Et du coup, il a fallu trouver un espèce d’équilibre, tu vois. Et cet équilibre, j’ai réussi à le trouver grâce déjà à un podcast que j’ai écouté qui s’appelle « L’art de vivre ». En gros, je me suis posée un peu, je me suis dit « Ok, de quoi j’ai besoin pour passer une bonne semaine? Autant pro que perso. Ok, qu’est-ce qui est vraiment non négociable et qu’est-ce qui, au contraire, ne me plaît pas du tout? »

Moi, ce qui ne me plaisait pas, c’est d’avoir des appels tous les jours. Donc, je me suis dit « Principe non négociable, avoir au moins trois jours dans la semaine où je n’ai aucun appel et presque aucune réunion où je peux me focus sur ce que je veux faire, ma création de contenu et sur le fait d’organiser mon temps comme j’en ai envie. »

Et à chaque fois, je me disais « Ok, par exemple, un des principes que j’ai, je déteste travailler gratuitement et j’ai le principe de ne pas travailler gratuitement. » Et au contraire, quand tu te lances, surtout au début, tu lances ta boîte, tout le monde me dit « Tu peux venir faire une conférence, tu peux venir ici. » Et ça va très vite de dire « Oui » beaucoup à des choses qui vont t’éloigner de tes objectifs et surtout, parce qu’à vouloir dire oui tout le temps et à vouloir être super sympa, tu te rends compte que tu as peut-être dit trop oui et aussi, tu ne t’es pas assez fait payer pour la valeur que tu as donnée.
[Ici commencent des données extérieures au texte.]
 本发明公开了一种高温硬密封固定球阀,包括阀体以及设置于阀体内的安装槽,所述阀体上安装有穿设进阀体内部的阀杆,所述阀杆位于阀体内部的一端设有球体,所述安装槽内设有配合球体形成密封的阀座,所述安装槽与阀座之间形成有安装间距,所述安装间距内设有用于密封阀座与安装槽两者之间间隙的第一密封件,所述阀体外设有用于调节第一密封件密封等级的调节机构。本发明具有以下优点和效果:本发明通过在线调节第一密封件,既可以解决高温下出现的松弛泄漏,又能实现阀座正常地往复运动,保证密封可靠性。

Tu as mentionné que tu te posais des questions au début de la semaine aussi. Est-ce que tu as des pratiques de journaling pour genre te guider puis vraiment avoir une vue d’ensemble de où est-ce que tu t’en vas avec plus de conscience ou d’intention?
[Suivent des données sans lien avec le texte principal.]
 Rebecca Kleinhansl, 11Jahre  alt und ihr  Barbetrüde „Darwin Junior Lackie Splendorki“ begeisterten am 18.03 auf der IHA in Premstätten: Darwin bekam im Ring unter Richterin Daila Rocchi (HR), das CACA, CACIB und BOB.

Oui, énormément. Je fais beaucoup ça et je fais aussi beaucoup de mind-up. Beaucoup, beaucoup de mind-up. Ça m’aide, en fait, tu vois, j’ai tellement d’idées dans la tête que ça m’aide à les poser et à faire ma toile d’araignée et à me dire « Ok, aujourd’hui, je suis là, j’aimerais aller là, dans mes rêves les plus fous, je dirais ici, comment je fais pour arriver là. » Et ça me permet de poser ce qu’il y a dans la tête.

Exactement, quand tu es capable de voir. Je comprends, il y a des gens qui sont aussi beaucoup plus visuels. Quand il y a trop de concepts dans la tête, c’est comme flou, c’est dans les nuages quelque part. Dès que c’est sur papier, il y a des lignes qui sont entre eux, tu sais.
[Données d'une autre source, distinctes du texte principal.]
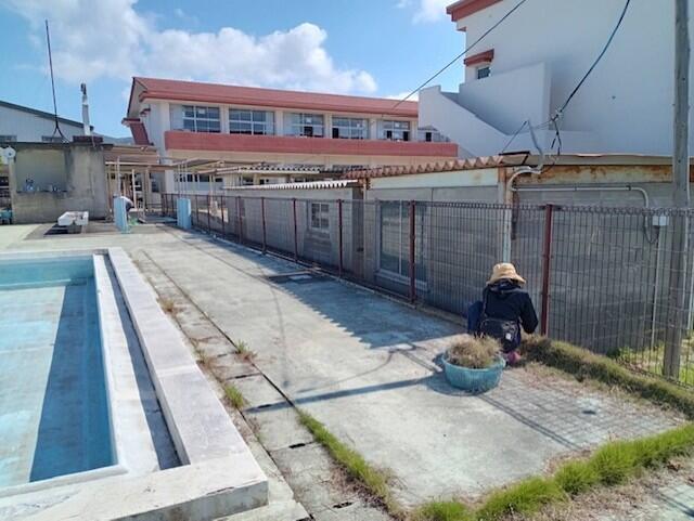 約10カ月放置されていたプールは、汚れが底にたまっており、なかなかの状態でした。また、プールサイドにはたくさんの草も生えていて…

Mais justement, tu as pris beaucoup de décisions bold dans ta vie, lancer ta propre agence, recruter tes anciens mentors aussi, ouvrir des bureaux physiques, ce qui est dans l’univers du marketing digital, de la business web, c’est plus rare. Est-ce que tu as un filtre ou une règle ou un système que tu suis pour savoir quand il y a une décision qui est bonne pour toi, même si c’est risqué?

Ah oui, OK, je vois. Alors, j’ai eu pour l’instant beaucoup de chance et que depuis septembre, à chaque fois que j’ai pris une décision, elle s’est avérée bonne. Donc, je t’avoue que je suis trop contente. Mais en fait, c’est pas que de la chance. Au final, moi, j’écoute énormément mes intuitions. L’intuition, elle n’est pas palpable. Mais en gros, quand je vais avoir une idée, je vais déjà la poser à l’écrit et je vais voir à quel point elle m’obsède. Si elle m’obsède énormément, c’est-à-dire que je vais y penser plus de cinq fois dans la semaine, je me dis OK.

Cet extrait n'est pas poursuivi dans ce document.